Церковь я посещал два или три раза. И то - на Пасху. Я был далек от веры. Правда, когда встречал верующих людей, испытывал легкую зависть. Я думал «У них хоть есть вера. А у меня?» Смотришь вокруг и не веришь никому.

- Вы имеете в виду не только религиозную веру, но и просто веру во что-то?

- Да-да. И первый раз толчком, побудившим меня прийти к Богу, стало «Евангелие от Иоанна». Я еще находился под следствием и мне попала в руки эта брошюрка. Я просто ее проглотил. После того, как прочитал 21 главу, со мной что-то внутри произошло. Первое, что я сказал в камере сокамерникам: «Так, я вас прошу, никогда при мне не материться». На меня так посмотрели…

- Объясните, почему вы это сказали?

- Не знаю, на кого и как оно действует, но после Евангелия мне казалось, что если я сейчас скажу что-то матерное, то прикоснусь к чему-то грязному. Вообще я – нелюбитель был материться. Я мог, конечно же, сказать и довольно жестко, но только в тех случаях, когда меня кто-то мог достать, но так я не приветствовал, считал, что это серовато для меня постоянно употреблять б..п.. для связки слов. Язык все-таки богат, и можно обходиться без этих связок. А здесь, я не знаю, что на меня подействовало. Я еще не молился, но что-то со мной начало происходить.

- Начался процесс очищения?

- Да. Я начал глубоко заглядывать в себя, в глубины и тайники, проверять себя, в своих файлах копаться и все анализировать. Вообще, первый вопрос, который я задавал себе: «Почему, Игорь, все так случилось?» Почему ты здесь? Ты ведь никогда не приветствовал всяких блатных. Не жил преступным путем. От криминала был далек. Но ты здесь. И не просто с криминалом, а с достаточно серьезным обвинением. Я их задавал раз за разом. А покаяние…я описал об этом откровенно в одном из выпусков газеты «Узник».
Первый вопрос, который я задавал себе: «Почему, Игорь, все так случилось?»
Рождественский номер газеты "Узник"
- Я читала. Мне показалось, что вы словно обвиняли себя за все ошибки мира.

- Это я как раз про себя писал. У меня было такое ощущение. Можете представить себе, что в камере оставалось только два человека, которых не сегодня завтра должны были расстрелять. Расстреляли даже тех, которых по суду приговорили позже нас. А мы еще оставались.

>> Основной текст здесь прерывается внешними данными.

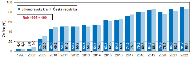 Vývoj regionálního HDP ve stálých cenách roku 1995 ukázal, že HDP v kraji v roce 2008 byl proti roku 1995 o 51,0 % vyšší. Po „krizovém“ roku 2009 (nárůst proti roku 1995 o 42,5 %) až rok 2013 v Jihomoravském kraji znamenal překročení této hranice (nárůst o 54,4 %). V rámci ČR v roce 2008 zvýšení dosáhlo 52,8 %, tento stav byl překonán až v roce 2014. Nárůst HDP vyjádřený ve stálých cenách roku 1995 byl v kraji ve srovnání s vývojem v ČR většinou nižší. Výjimkou byly roky 1996, 2013 až 2015 a roky 2020 až 2022 (v roce 2012 byly přírůstky shodné). V roce 2022 byl HDP v Jihomoravském kraji oproti roku 1995 o 91,2 % vyšší.
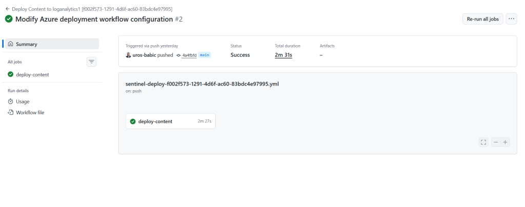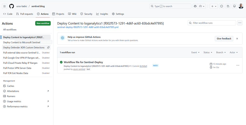 This confirms that the GitHub Action workflow for deploying Microsoft Sentinel content ran successfully. The workflow is triggered by a push to the main branch and uses the YAML file sentinel-deploy-sentinel-as/code.yml.
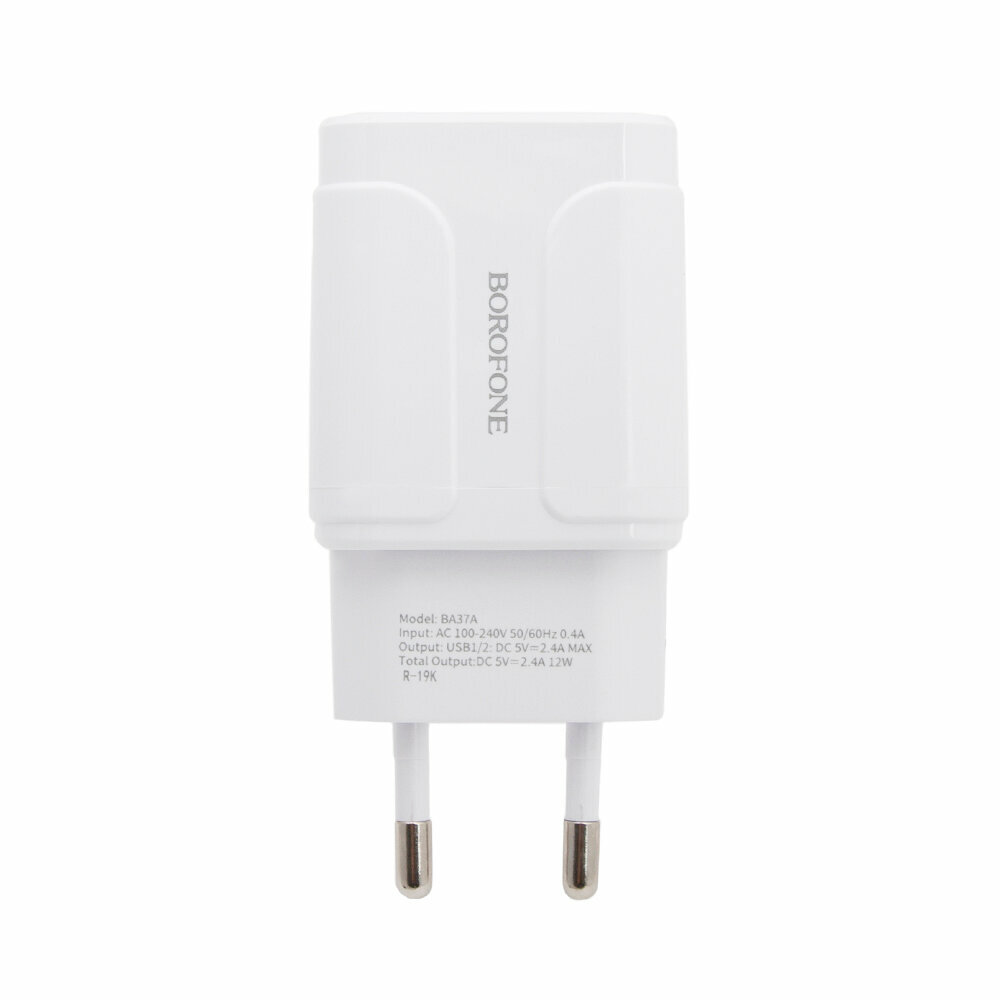 Блок питания сетевой 2 USB Borofone, BA37A, 2.4A, пластик, кабель микро USB, цвет: белый

Я был готов полностью, что меня расстреляют.

Я даже написал отказ от помилования. Адвокат бегал и говорил, «что ты делаешь, Игорь, пожалей мать. Как можно отказываться от последнего шанса». А я говорил – у меня есть Бог. Я уже в вере был. Если он посчитает нужным, он меня спасет. Говорил, что я уже в людях разочаровался. За тот год я убедился, кто такие друзья и преданность друзей. К тому же, дело у меня непростое. Подвели меня к этому сроку не просто так.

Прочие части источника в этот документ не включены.